He worked as a Post-Doc Associate and then Associate Research Scientist at Yale School of Medicine, Program on Neurogenetics beginning from 2010.
Using homozygosity mapping in combination with whole exome sequencing, he has successfully identified novel genes for microcephaly, intellectual disability, as well as neurodegenerative diseases.
News related his work:
Too much of a bad thing can be good in brain tumors
DNA mutations can cause cancer but in some cases, more mutations may mean a better prognosis for patients. A Yale-led comprehensive genomic analysis of more than 700 brain tumors has revealed one such subtype of the most malignant brain tumor, called glioblastoma, or GBM. This subtype possesses thousands of tumor-specific DNA errors or mutations instead of dozens observed in most glioblastoma cases. It is also associated with longer survival.

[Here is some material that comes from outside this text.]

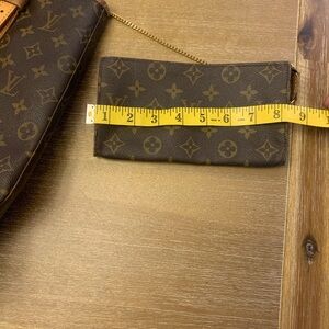 The material on the lining inside the bag has been removed but the cotton lining remains .Pls note that the zippers on the inside of the bag and pouch are a bit stiff due to the sticky material that was cleaned from inside the bag

The findings, reported in Journal Neuro-Oncology, suggest it may be possible to develop personalized treatments for more aggressive forms of brain cancer, including immunotherapy for these hyper- or ultra-mutated tumors, said Murat Günel, professor and chair of neurosurgery, who leads the Brain Tumor Research Program at Yale and Smilow Cancer Hospital at Yale-New Haven Hospital.
"We have been able to translate various complementary cutting-edge genomic technologies, which were once solely research tools, to our clinical programs to analyze individual cancers," said Günel, who is also a professor of genetics and a researcher for the Yale Cancer Center. "We can now gain comprehensive understanding of the molecular make-up of a cancer to pinpoint specific vulnerabilities and leverage these weak spots for precision treatments in our Recurrent Brain Tumor Treatment Program."
While as many as 10,000 mutations were found in the newly described subset of glioblastomas, a more typical tumor contains less than 100. This counterintuitive pattern has also been observed in gynecological and colon cancers: An extraordinary number of mutations means a better chance of survival.
One theory holds that cells with greater number of mutations are able to trigger an aggressive immune system response against cancer cells, while cells with fewer mutations might escape detection, Gunel said.
Although the number of GBMs in this newly identified group is small, the use of standard chemotherapy in some cases has been shown to inadvertently result in a hyper-mutated tumor. Indeed, the drug temozolomide, used as the first line of chemotherapy in GBM, has been shown to sometimes increase mutations. "But perhaps the naïve immune system is not strong enough to eliminate the cancer cells in these brain tumors," Gunel noted.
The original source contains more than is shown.